[ARC5] dB Power Apples and dB Voltage Oranges, was Re: Selectivity Ratings...

Tue Oct 29 18:15:38 EDT 2013

There seems to always be a lot of confusion when using Decibels with respect to 10 log(a/b) or 20 log(a/b)
This stuff confused me as well until I realized Decibels are only properly used to present a power ratios.

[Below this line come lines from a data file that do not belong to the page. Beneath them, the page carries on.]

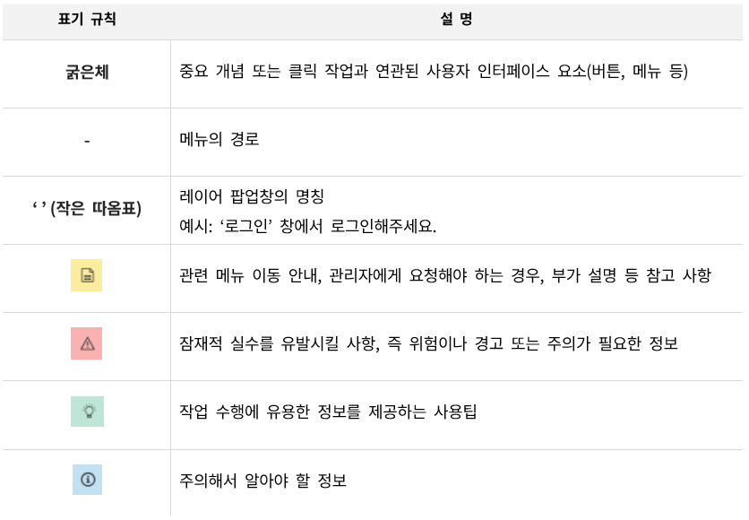 매뉴얼 표기 규칙 관리자의 종류 표시 aidoc이 멀티도메인으로 구축된 경우에는 서비스 관리자와 시스템 관리자가 사용할 수 있는 기능과 웹페이지 메뉴 구성이 달라집니다. 반면, 싱글도메인의 경우에는 관리자의 구분 없이 시스템 관리자가 서비스 관리자 기능까지 모두 담당하며, 웹페이지 메뉴도 통합되어 있습니다. 본 매뉴얼에서는 편의상 멀티도메인 환경을 기준으로 서비스 관리자, 시스템 관리자가 담당하는 기능을 구분하여 표시합니다. 따라서 싱글도메인의 ...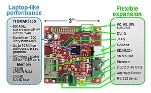 - "High performance and numerous expansion options". OMAP3530 BeagleBoard. Digi-Key. May 27, 2009. Archived from the original on May 21, 2010. Retrieved February 4, 2010.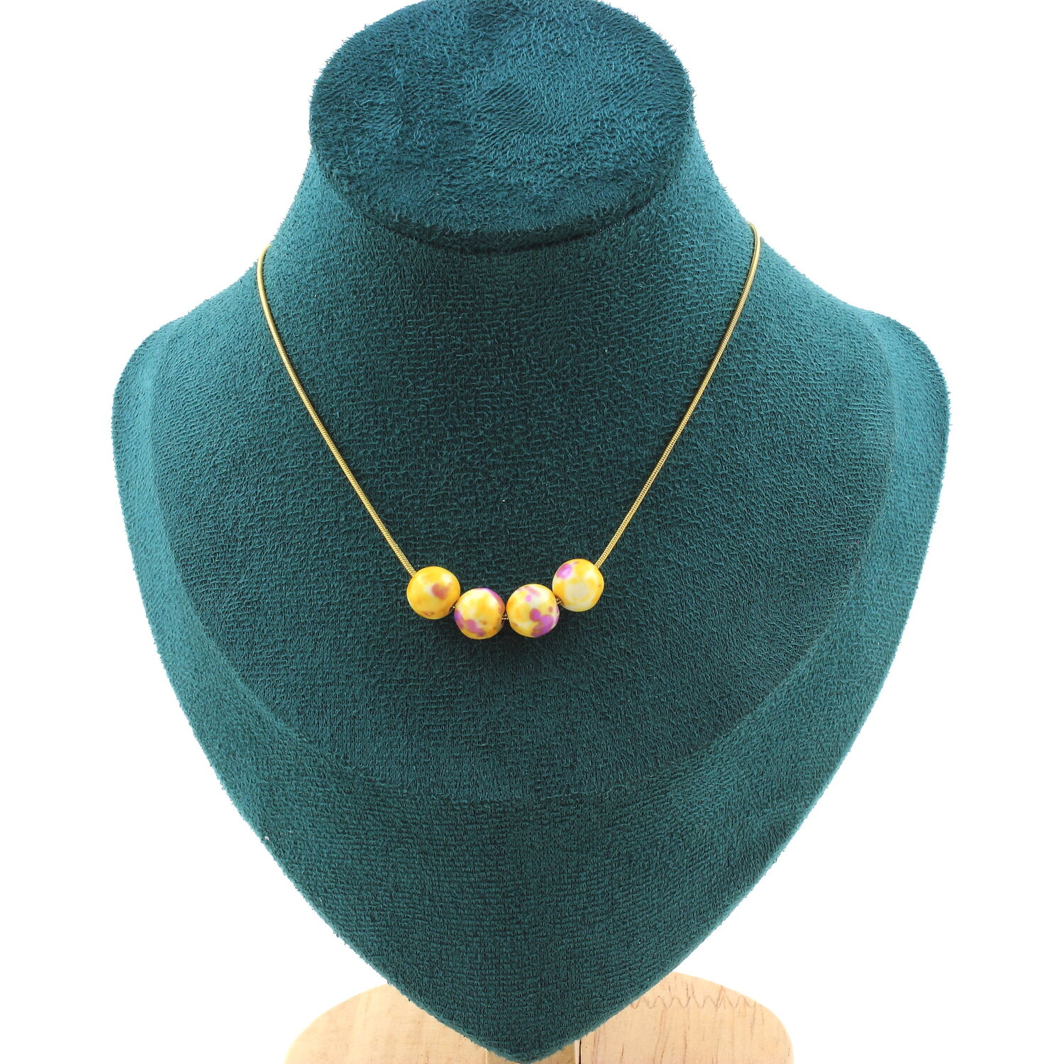 Collier 4 perles Jaspe jaune violet 8 mm. Chaine en acier doré inoxydable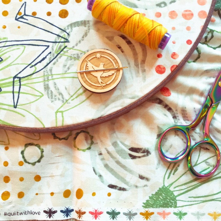 This thread is beautiful. It is called “Fly a Kite” and is a mix of buttercup, spearmint, ice and bluejay blue colors and is from a Limited Edition color pack (which, P.S. it looks like is still available!) from Sue Spargo. I typically do not use much size 3, the largest perle cotton size, but I don’t know….i’m really liking the thickness of this size to stitch with.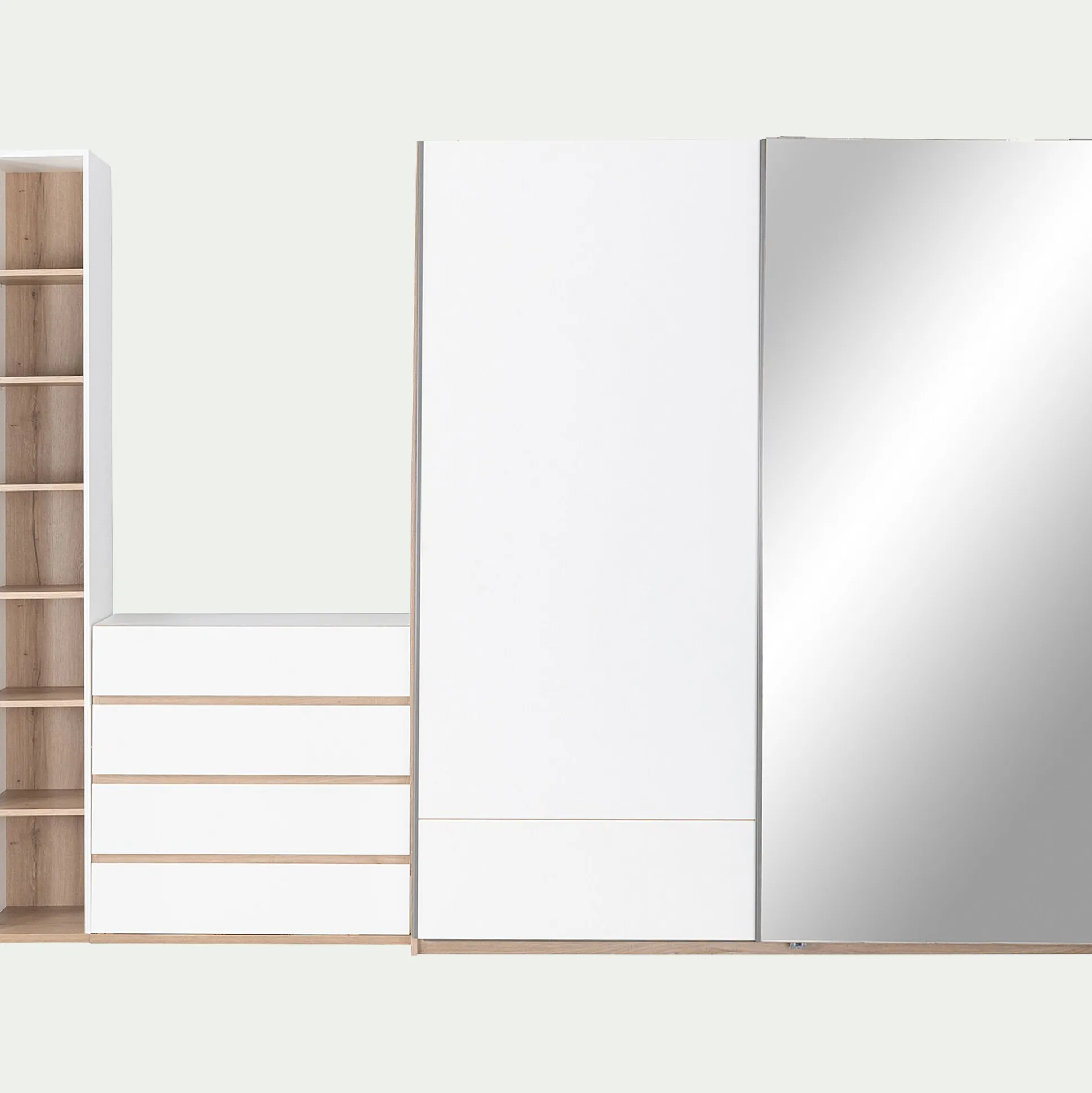 Ici, découvrez un dressing avec deux portes coulissantes, de couleur blanche. Ce meuble vous offre de beaux volumes pour y ranger vos affaires. Vous pouvez choisir cette pièce seule ou associée à un des éléments de la gamme. Chaque module est indépendant, mais ils se complètent aussi parfaitement entre eux. Ce sont des produits de qualité qui vous sont proposés, avec une finition en mélanine et une impression effet bois au toucher. Résistants, ces meubles dureront dans le temps. Le montage de ces derniers est très aisé et se fait en vertical. Les coins des modules sont découpés afin de laisser passer les plinthes et que vous puissiez placer vos meubles contre le mur.

So in my way of thinking the only proper decibel formula is 10 Log (P1/P2)  where P1 and P2 are power levels in Watts

Transmitter harmonic rejection is then 10 Log (P1/P2) with the harmonic power P1 and the total transmitter power as P2

It is also possible to specify P2 as a given, specific power level 
examples  dBm is the logarithmic power ratio with respect to 1 mW
                dBw is the logarithmic power ratio with respect to 1 Watt

dBc is the logarithmic power level with respect to the carrier power

Of course power ( in Watts) is equal to the RMS voltage squared, divided by the load resistance

This means 10 Log (P1/P2) can also be written as  10 Log (V1^2/R1  /   V2^2/R2)  where V1^2/R1 is the power dissipated in resistor R1 by the voltage V1

If R1 = R2  then the resistance symbols in the equations above cancel  and the voltage squared function can be brought through the Log function as a factor of 2 leading to  20 Log(V1/V2) but this is still a power ratio even though it looks like a voltage ratio.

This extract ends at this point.